Use of new genomic, proteomic, and metabolomic technology applied to large datasets is changing the ways in which effective biomarkers are identified and validated [52–56]. For example, Pena et al. analyzed microarrays from 593 patients in 11 cohorts to develop a gene endotoxin tolerance signature which was strongly associated with the development of sepsis and severity of disease [54]. Langley et al. [56] analyzed metabolomic and transcriptomic datasets from primates with Escherichia coli sepsis and identified a four-metabolite panel that diagnosed sepsis in two human cohorts with AUCs of 0.78 and 0.82, respectively. Most recently, McHugh et al. [57], using microarray analysis in a development cohort, identified a molecular classifier of four RNA biomarkers, and showed in validation cohorts that it was able to distinguish patients with sepsis from those without with an AUC of 0.88 and was better at discriminating sepsis from infection-negative systemic inflammation than were clinical and laboratory parameters, including PCT.

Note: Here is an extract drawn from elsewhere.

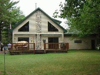 ER CHAIN CHALET/JM/ Popular chalet style home on the Eagle River Chain of 28 lakes. Come up and enjoy this 3 bedroom, 2 bath home that was built in 1999. The floor to cathedral ceiling fieldstone fireplace with gas insert is the focal point of the huge great room. A nicely equipped kitchen adjoins the great room and both look out over the water. On the main floor, there are 2 bedrooms and a bath. Upstairs, there is a large master bedroom and bath with walk-in closet. There also is an office which looks out over the great room. There is a full unfinished basement with stubbed in plumbing where one could add additional living space. A large 29' x 29' attached garage is plenty big to handle most of the toys. There is also a large lakeside deck and a new pier. A paved driveway and less than 5 minutes to Eagle River by boat or car completes this great package. Come and take a look at this terrific home.

This is a rapidly advancing and exciting field. Clearly, further studies are needed to determine which combinations of which markers will give the best performance in which patients. The industry needs to be encouraged to collaborate with researchers and invest more in this field so that reliable biomarkers can be developed and commercialized for the benefit of our patients. Importantly, a marker or a combination of markers will never replace a careful clinical assessment and must be considered as a complementary tool to diagnosis.
Conclusions and Perspective
Diagnosing sepsis early is crucial so that appropriate treatment can be started promptly and patients given the best possible chances of survival. The lack of progress in sepsis diagnosis using biomarkers is partly related to the fact that we have concentrated on changes in single markers, whereas the sepsis response involves multiple players present at different times during the disease process. We are never going to find a single ideal marker for sepsis. The future lies with more research focused on the use of panels or combinations of markers. Nevertheless, currently available sepsis markers can already assist in identifying and even more importantly ruling out sepsis, assessing disease severity, and indicating the need to re-evaluate ongoing therapy, when used in combination with repeated clinical evaluation. Use of biomarkers in the future will help improve patient outcomes by improving diagnostic accuracy, reducing the time to effective treatment, and limiting unnecessary tests and treatments. On a more global level, the resultant improved antibiotic stewardship should help optimize antibiotic use, thus increasing patient safety, reducing costs and reducing the development of antibiotic resistance.